Hospital Discharge Data Best Explains Reason for Caesarean

Information on birth certificates about no-risk Caesareans misleading

TUESDAY, Dec. 23 (HealthDay News) -- Information taken from birth certificates alone indicates that more than half of Caesarean deliveries are performed among women with no indicated risk, but when hospital discharge data is used in combination with birth certificates the number drops to low single digits, according to a report published in the January issue of Obstetrics & Gynecology.

Emily B. Kahn, Ph.D., of the U.S. Centers for Disease Control and Prevention in Atlanta, and colleagues analyzed data on 565,767 singleton, vertex live births at 37 to 41 weeks' gestation, of whom 40,932 were born by Caesarean section with no risk recorded on the birth certificate, and 35,761 (87.4 percent) of whom were at risk according to the hospital discharge data.

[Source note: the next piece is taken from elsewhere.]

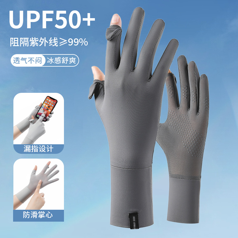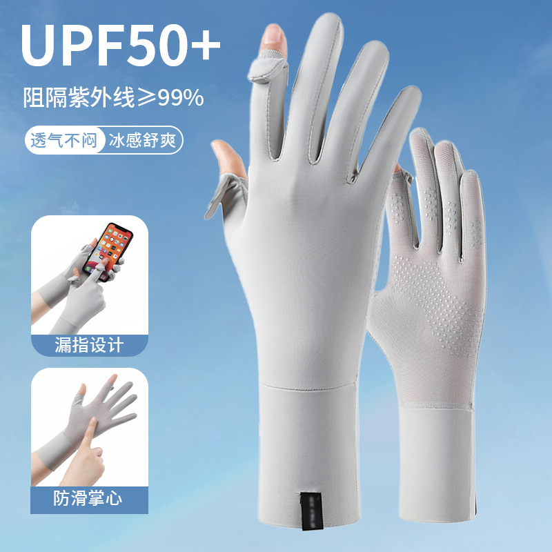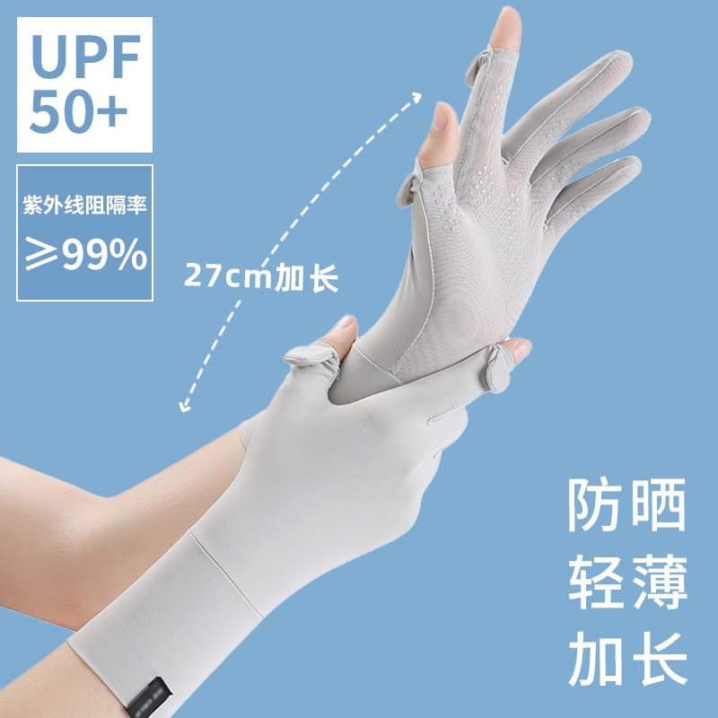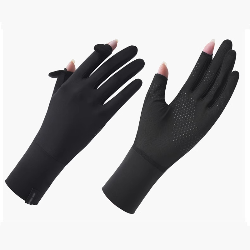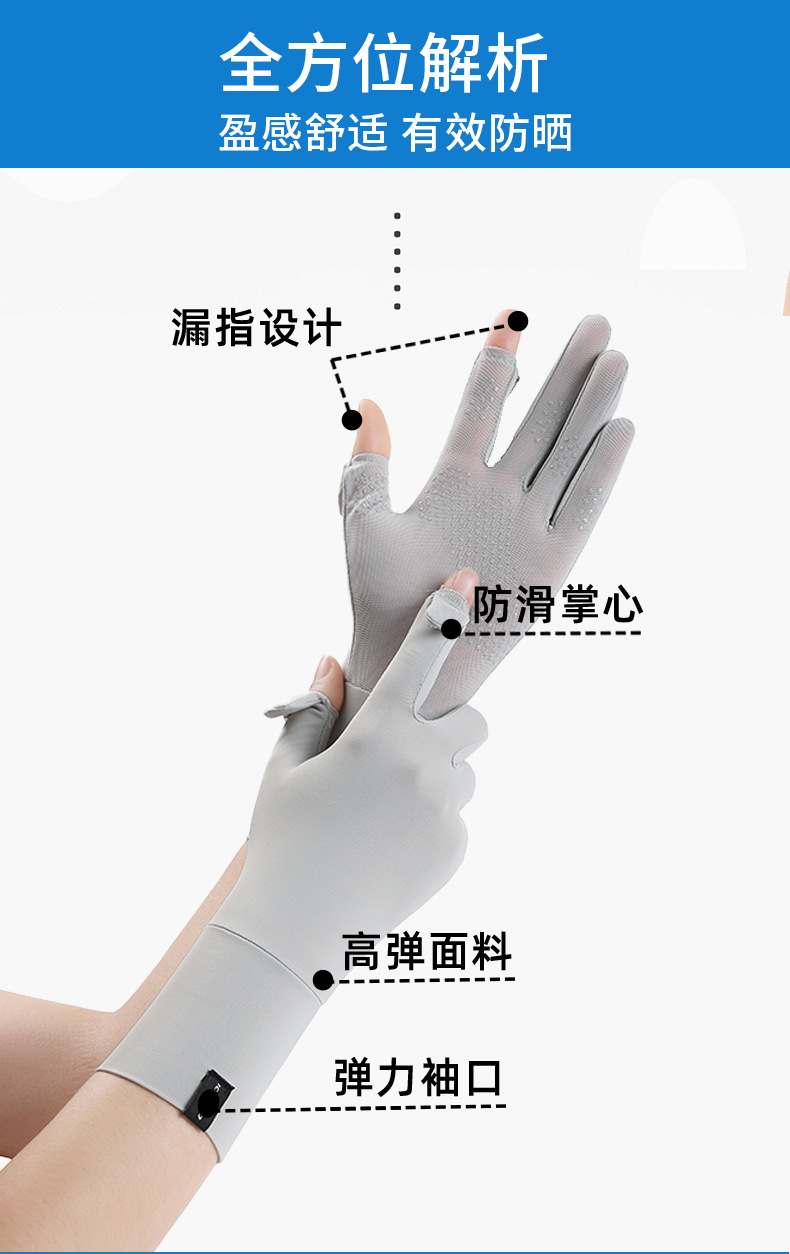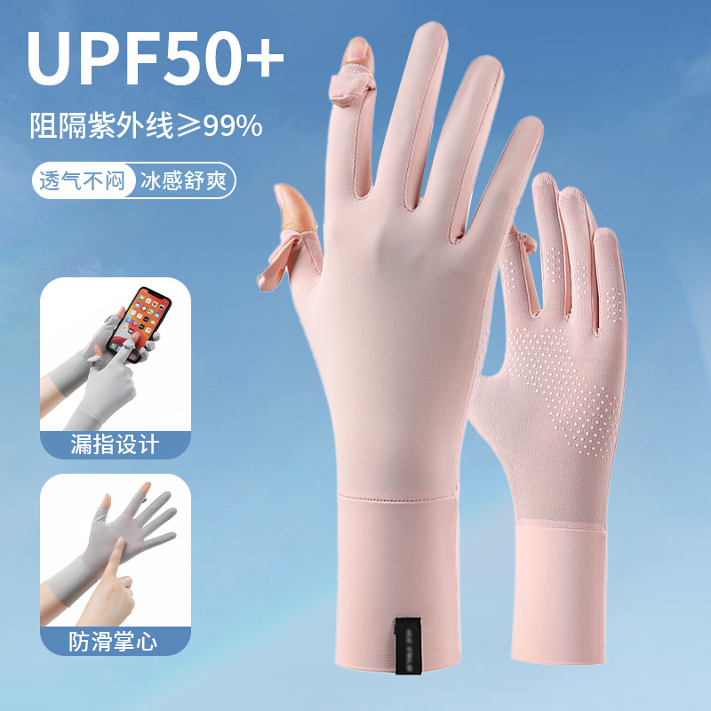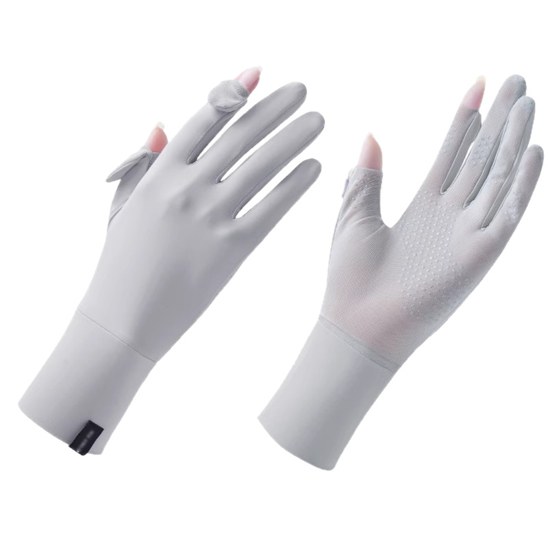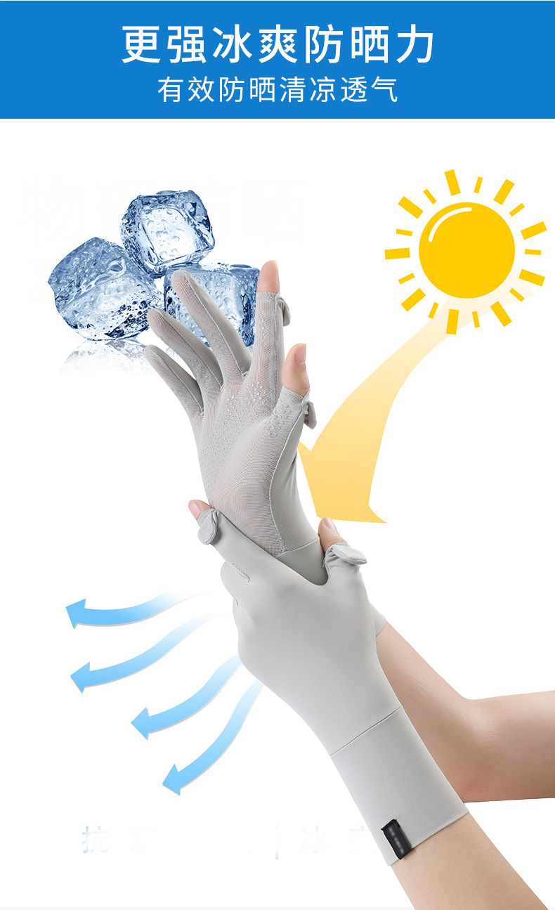 定制夏季防晒手套女士透气防紫外线翻盖触屏骑行冰丝手套中长定制

The researchers found that there was very little correlation between the two data sources in terms of low-risk deliveries, and that birth certificate data pointed to 58.3 percent of Caesarean births without a stated risk, versus 3.9 percent when this data as used in conjunction with hospital discharge data.

"Using birth certificate information alone overestimated the proportion of women who had no-indicated-risk Caesarean deliveries in Georgia," the authors write. "Evidence of many indications for Caesarean delivery can be found only in the hospital discharge data. The construct of no indicated risk as determined from birth certificates should be interpreted with caution, and the use of linked data should be considered whenever possible."